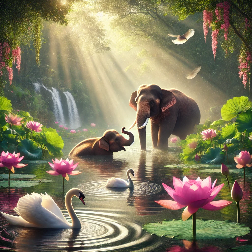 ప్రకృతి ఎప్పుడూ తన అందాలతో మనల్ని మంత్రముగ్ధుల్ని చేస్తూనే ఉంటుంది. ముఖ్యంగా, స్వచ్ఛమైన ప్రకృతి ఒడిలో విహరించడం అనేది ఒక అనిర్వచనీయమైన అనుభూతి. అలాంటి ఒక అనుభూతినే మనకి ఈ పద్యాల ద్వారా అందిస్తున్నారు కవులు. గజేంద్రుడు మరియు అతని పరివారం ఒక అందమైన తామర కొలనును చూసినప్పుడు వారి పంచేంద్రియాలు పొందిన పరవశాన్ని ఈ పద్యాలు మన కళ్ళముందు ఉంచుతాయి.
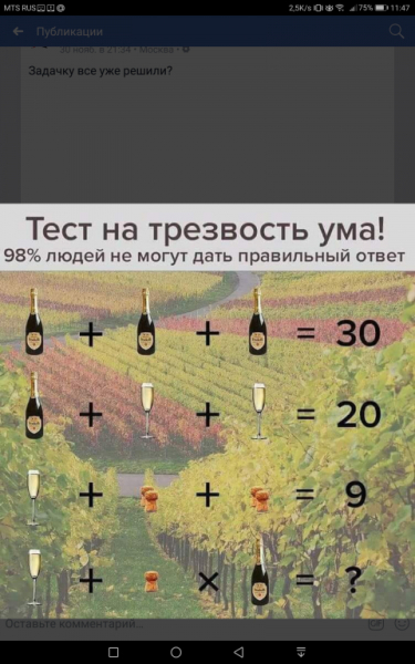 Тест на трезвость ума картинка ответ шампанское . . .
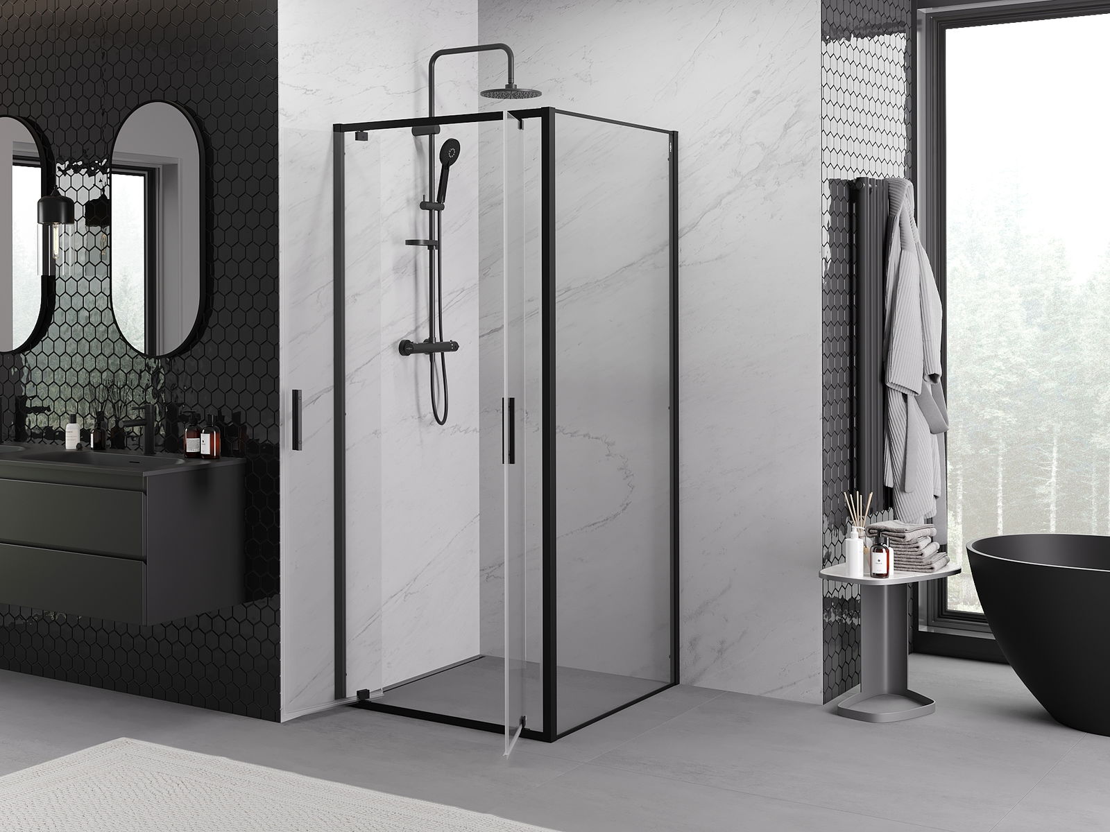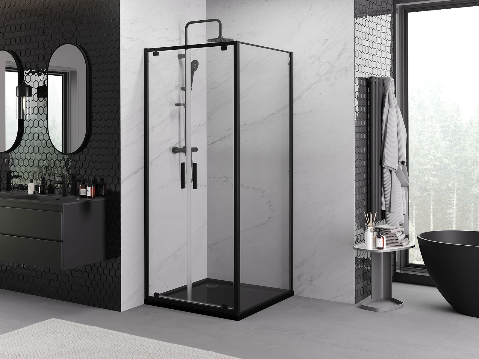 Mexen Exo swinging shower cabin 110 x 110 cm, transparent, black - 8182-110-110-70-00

- - -

Work instructions — In your output, repeat the listing above exactly and include none of the pictures.

Answer for this exercise —
 ప్రకృతి ఎప్పుడూ తన అందాలతో మనల్ని మంత్రముగ్ధుల్ని చేస్తూనే ఉంటుంది. ముఖ్యంగా, స్వచ్ఛమైన ప్రకృతి ఒడిలో విహరించడం అనేది ఒక అనిర్వచనీయమైన అనుభూతి. అలాంటి ఒక అనుభూతినే మనకి ఈ పద్యాల ద్వారా అందిస్తున్నారు కవులు. గజేంద్రుడు మరియు అతని పరివారం ఒక అందమైన తామర కొలనును చూసినప్పుడు వారి పంచేంద్రియాలు పొందిన పరవశాన్ని ఈ పద్యాలు మన కళ్ళముందు ఉంచుతాయి.
 Тест на трезвость ума картинка ответ шампанское . . .
 Mexen Exo swinging shower cabin 110 x 110 cm, transparent, black - 8182-110-110-70-00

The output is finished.